I just published my series on Graph Databases a few hours ago, and have already had lots of hits. I guess people found the topic as interesting as I did! One reader, Jay Pipes, is one of the core developers of the Placement service I mentioned in that series, and probably the most heavily opinionated with regards to using MySQL. He is also a long-time friend. Jay asked some excellent questions at the end of the last post, and I didn’t feel that I could do them justice in the space of a WordPress reply box, so I created this post. Let’s get into it!
1) I note that you’ve combined allocations and inventory into a single object. How would we query for the individual consumers of resources?
The combination was for simplifying the illustration. As you can probably guess, a full Placement model would have Consumer objects that would have a [:CONSUMES] relation to the resource objects. So to illustrate this, I added another script to the GitHub repo: create_consumer.py. Since relations can have properties too, we’d create an ‘amount’ property that would specify how much of a resource is being consumed by this particular consumption. The query would look something like this:
MATCH (disk:DISK_GB)<-[alloc:CONSUMES]-(con:Consumer) WITH disk, disk.total - SUM(alloc.amount) AS avail WHERE avail > 2000 RETURN disk, avail
This would return the disks whose total amount minus the sum of all the consumed amounts, is greater than 2000.
2) How many resources of each type are being consumed by a project or user or consumer? (i.e. usages, aggregated by a grouping mechanism – the thing that SQL does pretty well)
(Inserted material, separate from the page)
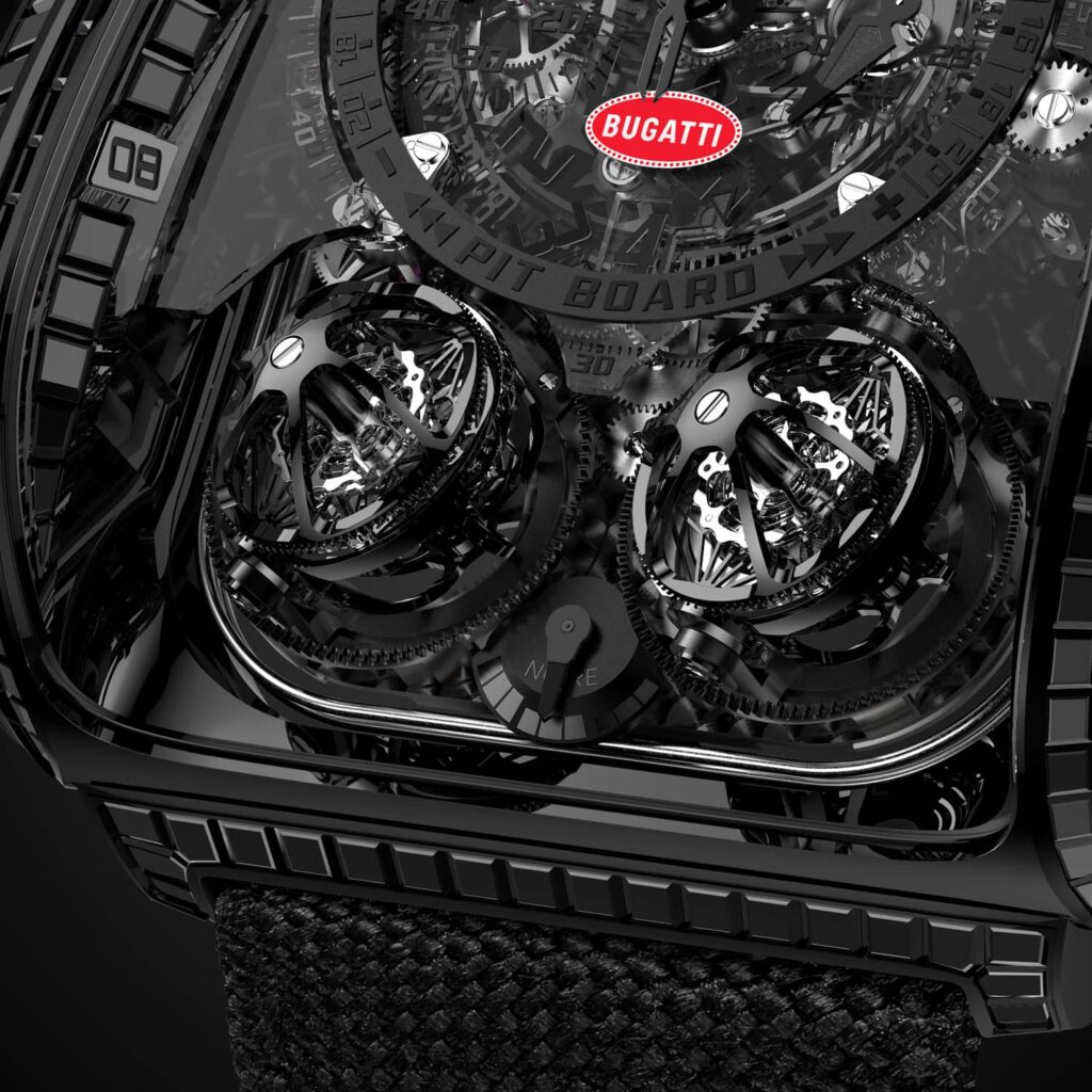 Como aquellos, el reloj captura su espíritu para asociarse aún más vinculando la gran complicación de los relojes Twin Turbo Furious Bugatti La Montre Noire con la tradición y la historia única de La Voiture Noire1. El resultado de todo ello es el dinámico y extremadamente cómodo de llevar TwinTurbo Furious Bugatti La Montre Noire, un reloj que refleja a la perfección los elevados estándares de rendimiento y excelencia que preconiza una marca como Bugatti, al tiempo que ofrece la amplia versatilidad de uso por la cual la marca francésa es mundialmente reconocida.

In this respect, it wouldn’t be all that different. Cypher does aggregates, too. Using the data generated by the create_consumer.py script, I can run the following query:
MATCH (con:Consumer)-[alloc:CONSUMES]->(r) WHERE con.pk = 1 RETURN labels(r) AS resource_class, sum(alloc.amount) AS usage
This query will return:
╒════════════════╤═══════════════════╕ │"resource_class" │"usage" │ ╞════════════════╪═══════════════════╡ │"MEMORY_MB" │1024 │ ├────────────────┼───────────────────┤ │"DISK_GB" │500 │ ├────────────────┼───────────────────┤ │"VCPU" │2 │ └────────────────┴───────────────────┘
So as you can see, not a whole lot different than with SQL.
3) How do you ensure that multiple concurrent writers do not over-consume resources on a set of providers? We use a generation on the provider along with an atomic update-where-original-read-generation strategy to protect the placement DB objects. I’m curious how neo4j would allow that kind of operation.
Neo4j is ACID-compliant, and transactions either succeed completely or not at all. So I’m not really sure how much I can add to that. Setting the value of an object is trivial, updating that value is trivial, checking a supplied value with the one stored in the DB is trivial. So it would work identically to how it works in SQL.
In summary, I want to make two points: first, I’m not bashing MySQL. It’s an excellent database that I use extensively myself (well, I use MariaDB, but…). This WordPress site has a MariaDB backend. Second, this started as an attempt to scratch the itch I have felt since we began making Placement more and more complex. I wanted to find out if there was a better way to handle the sort of problems we have, and my previous reading on graph databases came to mind. It was tough to get used to thinking with a graph mindset. It reminded me of when I first started using Go after years of Python: when I tried to write Pythonic code in Go, it was terrible. Once I was able to drop the Python mindset and write Go the way it was designed, things were much, much easier to understand, and the code I wrote was much, much better. The same sort of “letting go” process had to happen before I was able to fully see what can be done with graph databases.